Music industry icon Alan Livingston, the man credited with signing the Beatles during his time as president of Capitol Records, passed away on March 13th due to age-related causes. He was 91. Livingston was at the helm during a tenure that saw Capitol also sign acts like the Beach Boys, Frank Sinatra, the Steve Miller Band and the Band. Livingston is also noted for creating the Bozo the Clown character.
According to Billboard.biz, it was Livingston who decided that the label should release the Beatles' "I Want to Hold Your Hand" as a single. The record company rejected earlier singles by the Fab Four, deeming them unsuitable for America. After releasing "I Want to Hold Your Hand" in 1963, Livingston brought the group over in 1964 and Beatlemania began. Livingston is also credited with reviving the career of Frank Sinatra after the Chairman of the Board saw his popularity lull in the early 1950s. Livingston recommended Sinatra work with composer Norman Riddle, resulting in songs like "I've Got the World on a String" and "Young-at-Heart."

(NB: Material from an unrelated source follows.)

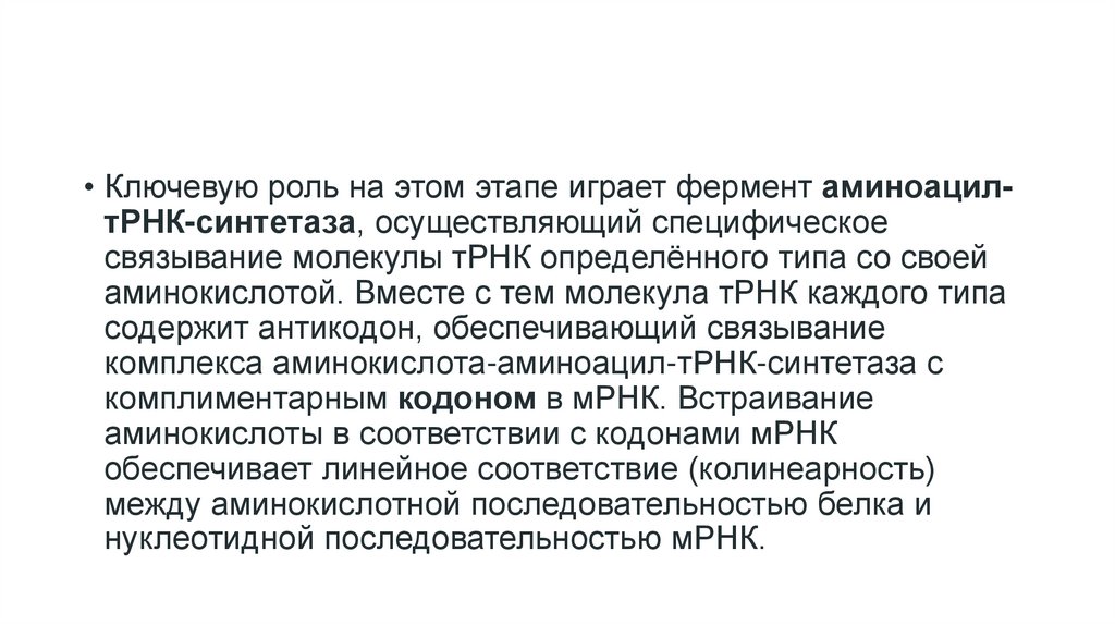 • Ключевую роль на этом этапе играет фермент аминоацилтРНК-синтетаза, осуществляющий специфическоесвязывание молекулы тРНК определённого типа со своей

Livingston is also responsible for inspiring the famed Capitol Records Tower in Los Angeles, LA Weekly reports, making that landmark the first circular office building ever constructed. Livingston received the Lifetime of Laughter Achievement Award from the Clown Hall of Fame in Milwaukee in 1998 for Bozo. Livingston is survived by his wife, actress Nancy Olsen, who was nominated for a Best Supporting Actress Oscar in 1950 for her role in Sunset Boulevard, one son, one daughter and a step-daughter.